Fix the Code: Un-Mutating an Array

Your friend is trying to write a function to accomplish the following transformations:

let x = [3, 3, 3, 3, 3, 3, 3]

// Each time x is called, the following results are shown:

change(x, 0)  // [3, 3, 3, 3, 3, 3, 3]
change(x, 1)  // [3, 2, 2, 2, 2, 2, 3]
change(x, 2)  // [3, 2, 1, 1, 1, 2, 3]
change(x, 3)  // [3, 2, 1, 0, 1, 2, 3]

Note: The change() function should not mutate the original array. After each call to the function, the original x should still equal [3, 3, 3, 3, 3, 3, 3].

He comes up with the following code:

function change(x, times) {
  for(let i = 0; i < x.length; i++) {
    let j = 1;
    while (j <= times) {
      if (i >= j && i < x.length-j) {
        x[i]--;
      }
      j++;
    }
  }
  return x;
}

Oops! The code appears to mutate the original array.

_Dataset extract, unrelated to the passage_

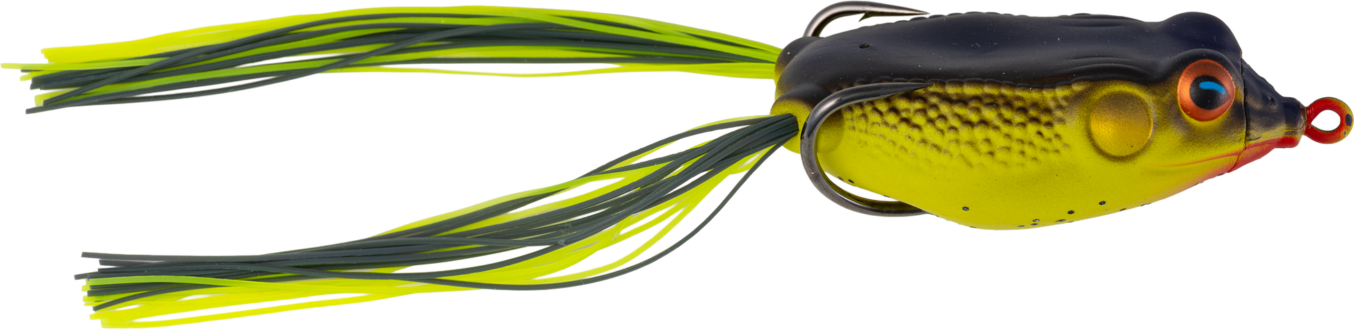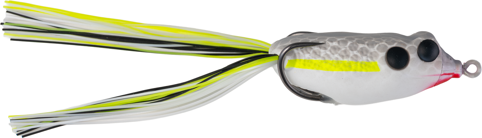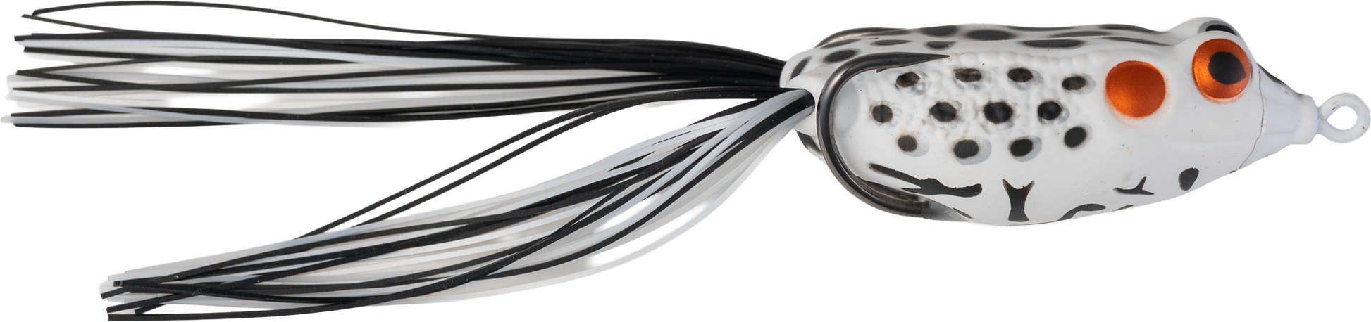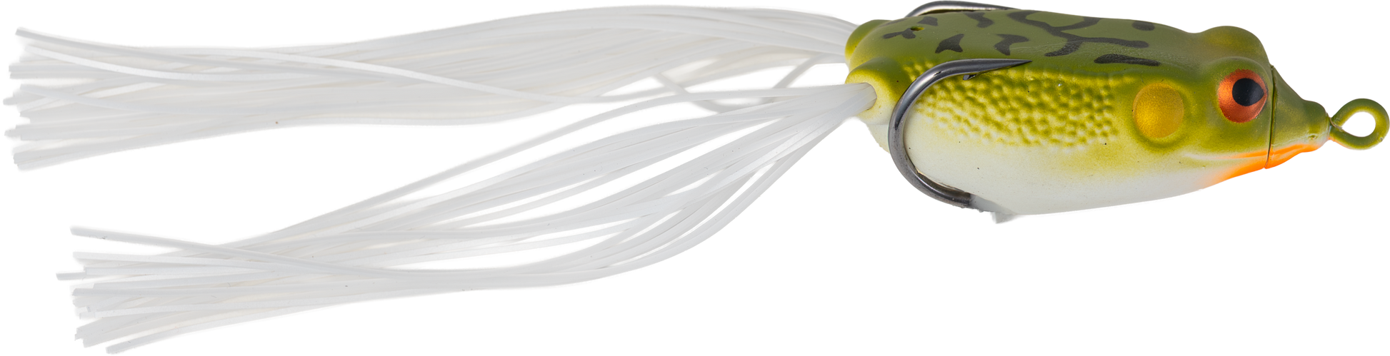 Con Frog comes equipped with a revolutionary hard nose design with a sherman in mind, allowing the frog to go through the heaviest of cover without malfunctioning. The body is connected directly to the hard nose, preventing the frog from sliding up the line or turning inside out.Equipped with a heavy-duty hook, a silicone hook hole to prevent water from entering the cavity, and a breath hole on the top side of the frog. This frog ensures durability and proper action, cast after cast!
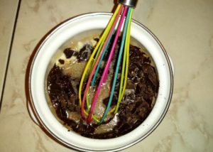 1.W małym garnuszku, na małym ogniu lub na niskim grzaniu kuchenki, rozpuść masło, mieszając. Gdy już jest prawie całe płynne, zdejmij z ognia i dodaj 150g posiekanej gorzkiej czekolady i dokładnie mieszaj. Jeśli trzeba, to jeszcze na chwile podgrzej na kuchence – uważaj, czekolada ma się tylko rozpuścić, nie może mocno się podgrzać i absolutnie nie zagotować! Odstawiamy.

Fix this incorrect code so that the function no longer mutates the original array.

See below:

Examples

let x = [3, 3, 3, 3, 3, 3, 3]

// What we want:
change(x, 2) => [3, 2, 1, 1, 1, 2, 3]

change(x, 2) => [3, 2, 1, 1, 1, 2, 3]

// What we get:
change(x, 2) => [3, 2, 1, 1, 1, 2, 3]  // Good so far...

change(x, 2) => [3, 1, -1, -1, -1, 1, 3] // Array is mutated :(

Notes

• If this is confusing, copy and paste the incorrect code in a REPL environment and play around with the code to understand what the function is doing.
• Hint: Try to make a copy of the input array.
• If this looks familiar, it is part of a solution for the Concentric Rug problem.